Kurt Deibner is the obvious candidate to lead the German project in the absence of Heisenburg IMO.
Trouble is Heisenberg was by far the most respected nuclear scientist Germany had. When he said a nuclear weapon couldn't be built fast enough to affect the war, that had enormous weight and the budget/priority of the project dropped to very low.
BTW his calculations weren't a mess. Heisenberg was a bona fide genius and one of the preeminent nuclear physicists of the 20th century. As I understand it, he came up with a very elegant solution to the problem of calculating the critical mass, based on the assumption that the chain reaction must complete before the first neutron leaves the critical mass. The solution was correct, the trouble was, the assumption was wrong.

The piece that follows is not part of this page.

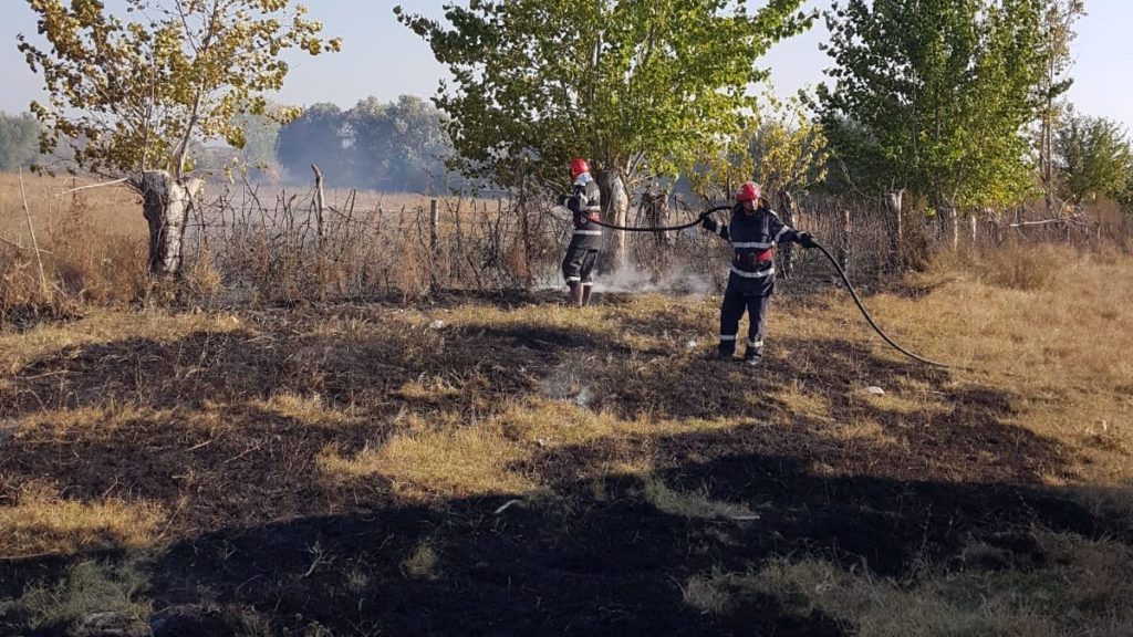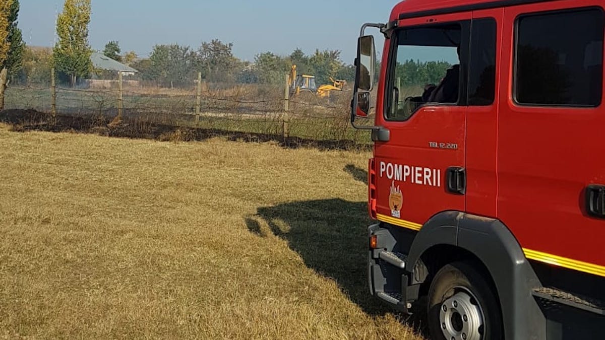 Echipajul a observat că flăcările au cuprins o suprafață de teren de 500mp și apoi s-au extins la un gard de aproximativ 100 metri liniari.

You also still have all the other problems that putative Nazi bomb projects have:
- The lack of Heavy Water to act as a moderator in a reactor.
- The failure to recognise that very pure graphite can replace Heavy Water.
- The general lack/competition for resources.
- The Allied espionage/bombing/sabotage campaign against the German nuclear programme.
I'm not saying it's impossible, but you need some major PoDs not just a theoretical breakthrough on the calculation of the critical mass. The British correctly determined the critical mass in 1940 and it still took the combined might of the British the Canadians and (not least) the Americans five years to get a bomb.